El diálogo tomó otro matiz cuando se le preguntó por su faceta como compositor. Ganador de un Latin Grammy y colaborador de nombres como Mijares, ZERI confesó que escribir para otros tiene un ritmo distinto: “Cuando alguien me pide una canción, ya sé qué buscan y es más fácil. Pero cuando escribo para mí, me vuelvo vulnerable. Ahí está el verdadero reto, porque es inmortalizar quién soy en una letra. Eso no se olvida nunca”.
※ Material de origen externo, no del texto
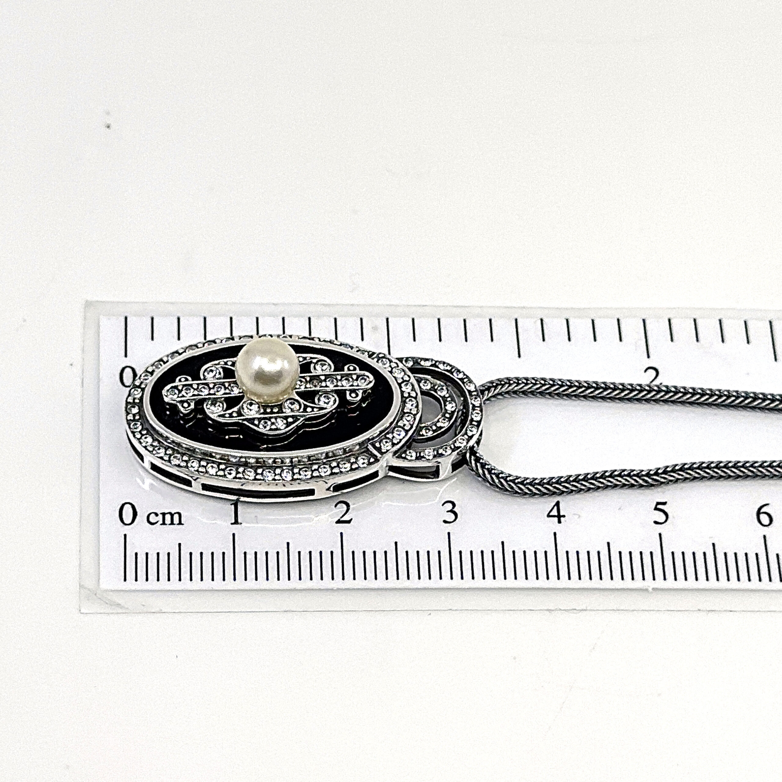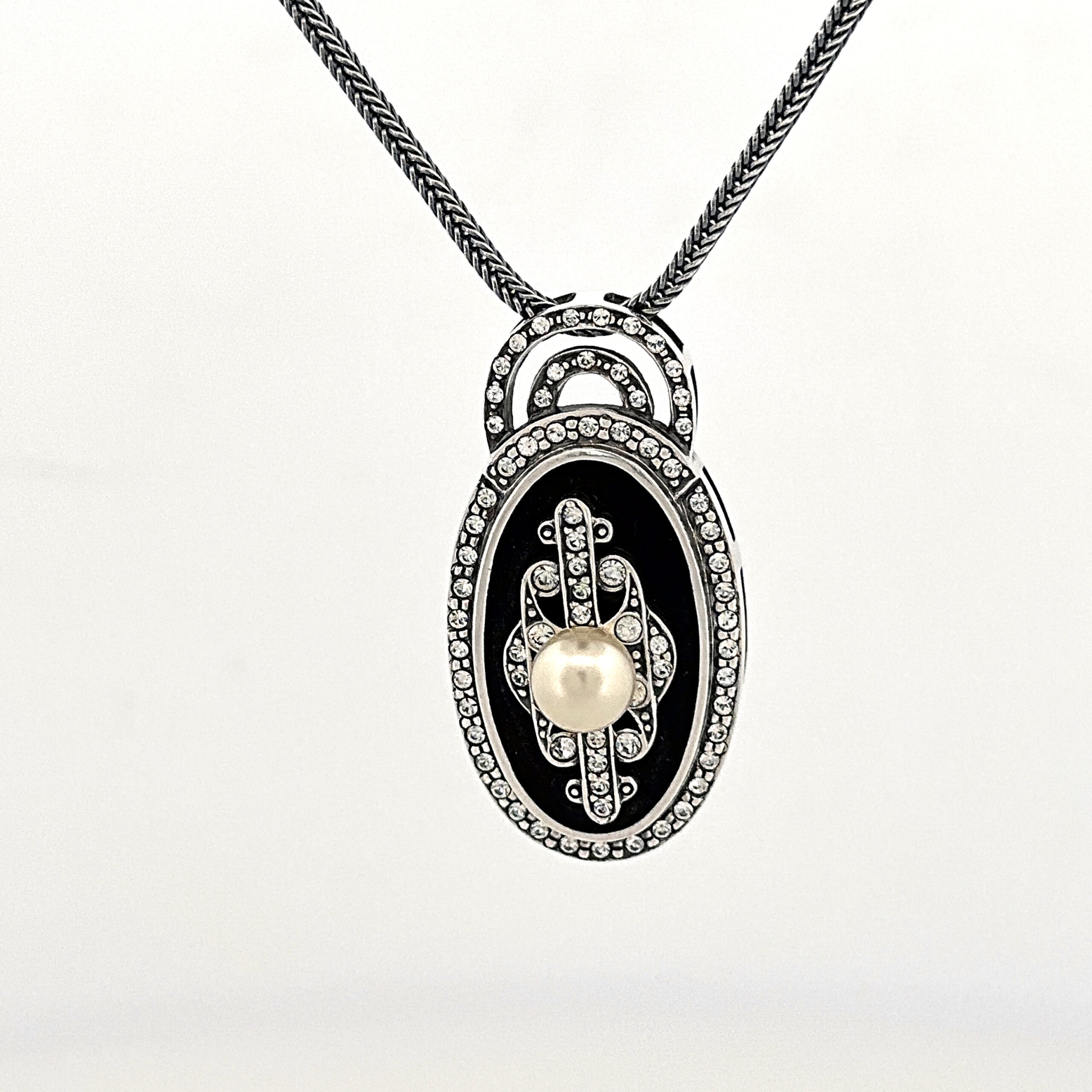 This necklace is designed around an Art Deco–inspired pendant combining black enamel, a central pearl, and crystal detailing, suspended from a fine chain for wear at the neckline. Its primary function is decorative, presenting a structured composition influenced by early twentieth-century geometric design.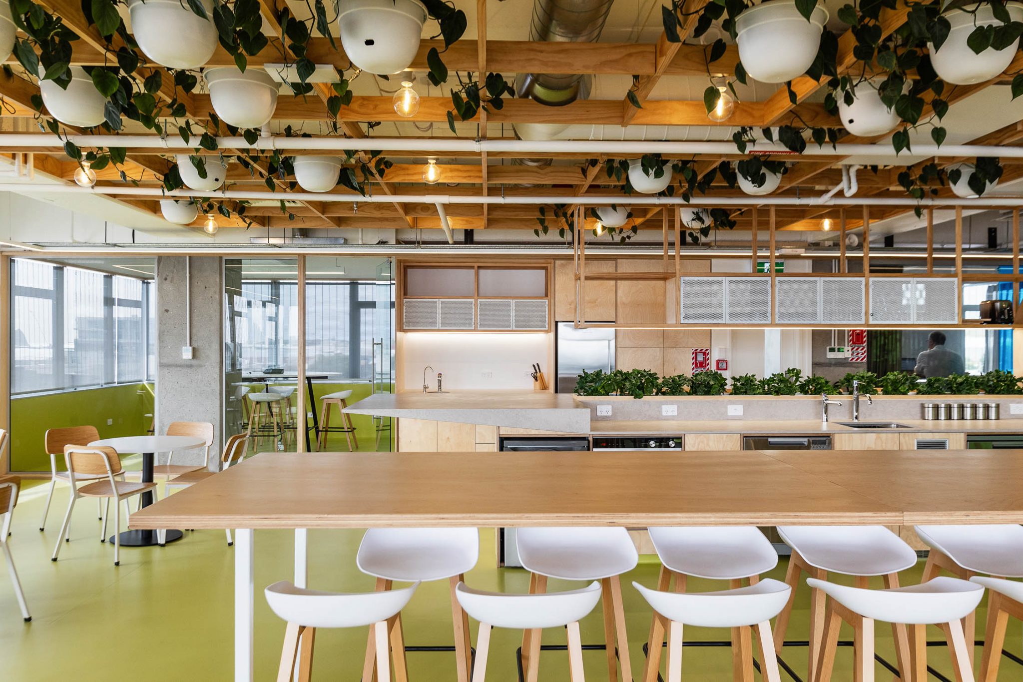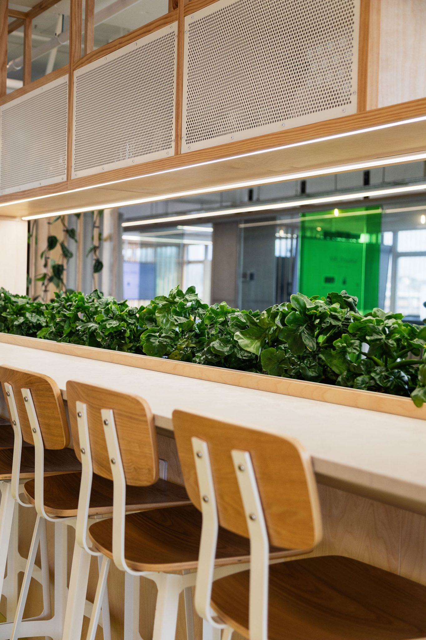 Our design response was focused on creating an environment with a naturally productive atmosphere. We likened the desired dynamic and productive climate to that of which you would find in a glasshouse. Creating zones that would aid idea propagation, innovation, and cultivation while also providing staff nourishment and replenishment.

Esa vulnerabilidad también respira en el videoclip de su más reciente sencillo, “Igual que yo”, repleto de símbolos y personajes que, según explicó, representan momentos y personas de su vida. “Quiero que la gente note que cada detalle tiene un significado. No es solo un video musical, es casi como una película que habla de mi historia”.
Sobre el concierto en Monterrey, adelantó que será un viaje por todas sus etapas: desde sus primeras canciones hasta lo más reciente, incluyendo los temas del próximo álbum No te rindas. “No soy de salir del escenario en cuanto se apagan las luces. Si el público quiere, nos quedamos cantando juntos a capella hasta que la noche lo permita”, prometió.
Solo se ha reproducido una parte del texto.